WORK REQUIRED
Using the records below, write out again exactly the lines that begin at the line containing "上述投资者给记者发过来的一张" and end at the line containing "Президент України Володимир", and no other lines.

SOURCE INFORMATION
------------------------------
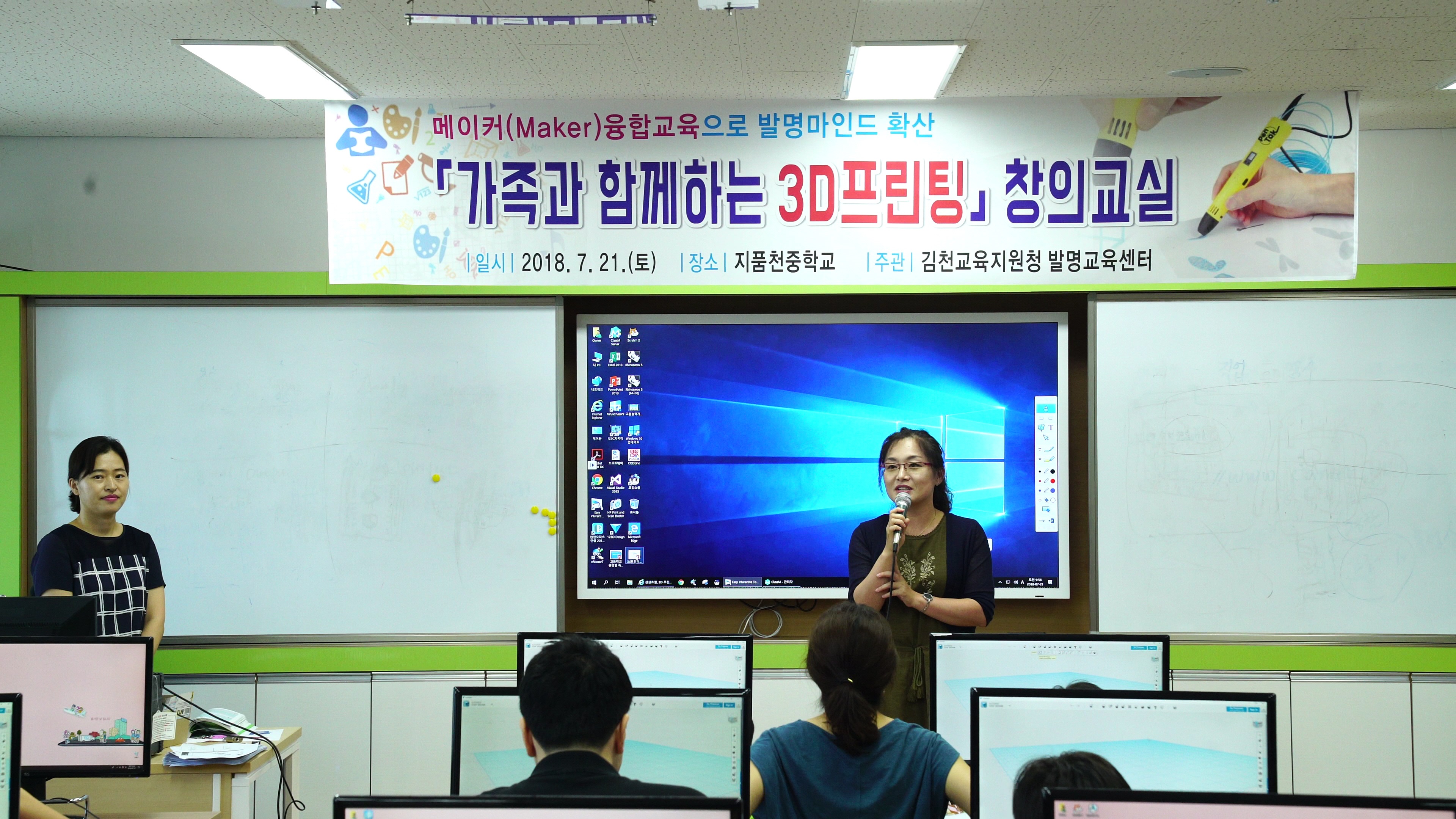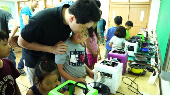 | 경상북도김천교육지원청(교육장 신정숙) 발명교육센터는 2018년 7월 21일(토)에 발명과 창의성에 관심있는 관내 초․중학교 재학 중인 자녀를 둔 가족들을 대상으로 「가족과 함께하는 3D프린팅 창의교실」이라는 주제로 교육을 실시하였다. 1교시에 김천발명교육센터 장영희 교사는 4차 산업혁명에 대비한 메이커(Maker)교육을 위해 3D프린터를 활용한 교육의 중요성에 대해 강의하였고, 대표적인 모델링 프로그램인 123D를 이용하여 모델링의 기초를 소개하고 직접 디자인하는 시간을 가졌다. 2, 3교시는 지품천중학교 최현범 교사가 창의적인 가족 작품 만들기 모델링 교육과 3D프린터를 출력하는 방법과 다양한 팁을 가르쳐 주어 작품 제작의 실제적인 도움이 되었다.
------------------------------
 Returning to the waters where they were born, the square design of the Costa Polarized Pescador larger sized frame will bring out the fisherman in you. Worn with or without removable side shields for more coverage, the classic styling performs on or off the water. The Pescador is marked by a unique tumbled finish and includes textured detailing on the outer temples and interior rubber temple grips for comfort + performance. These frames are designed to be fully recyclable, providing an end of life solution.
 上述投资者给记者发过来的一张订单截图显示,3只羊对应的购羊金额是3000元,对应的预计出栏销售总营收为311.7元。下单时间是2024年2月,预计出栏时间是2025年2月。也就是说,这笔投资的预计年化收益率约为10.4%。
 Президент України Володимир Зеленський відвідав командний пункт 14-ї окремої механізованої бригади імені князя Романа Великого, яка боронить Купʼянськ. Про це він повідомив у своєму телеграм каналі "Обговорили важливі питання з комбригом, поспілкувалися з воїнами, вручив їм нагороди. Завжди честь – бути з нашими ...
------------------------------
RESPONSE TO THE TASK
 上述投资者给记者发过来的一张订单截图显示,3只羊对应的购羊金额是3000元,对应的预计出栏销售总营收为311.7元。下单时间是2024年2月,预计出栏时间是2025年2月。也就是说,这笔投资的预计年化收益率约为10.4%。
 Президент України Володимир Зеленський відвідав командний пункт 14-ї окремої механізованої бригади імені князя Романа Великого, яка боронить Купʼянськ. Про це він повідомив у своєму телеграм каналі "Обговорили важливі питання з комбригом, поспілкувалися з воїнами, вручив їм нагороди. Завжди честь – бути з нашими ...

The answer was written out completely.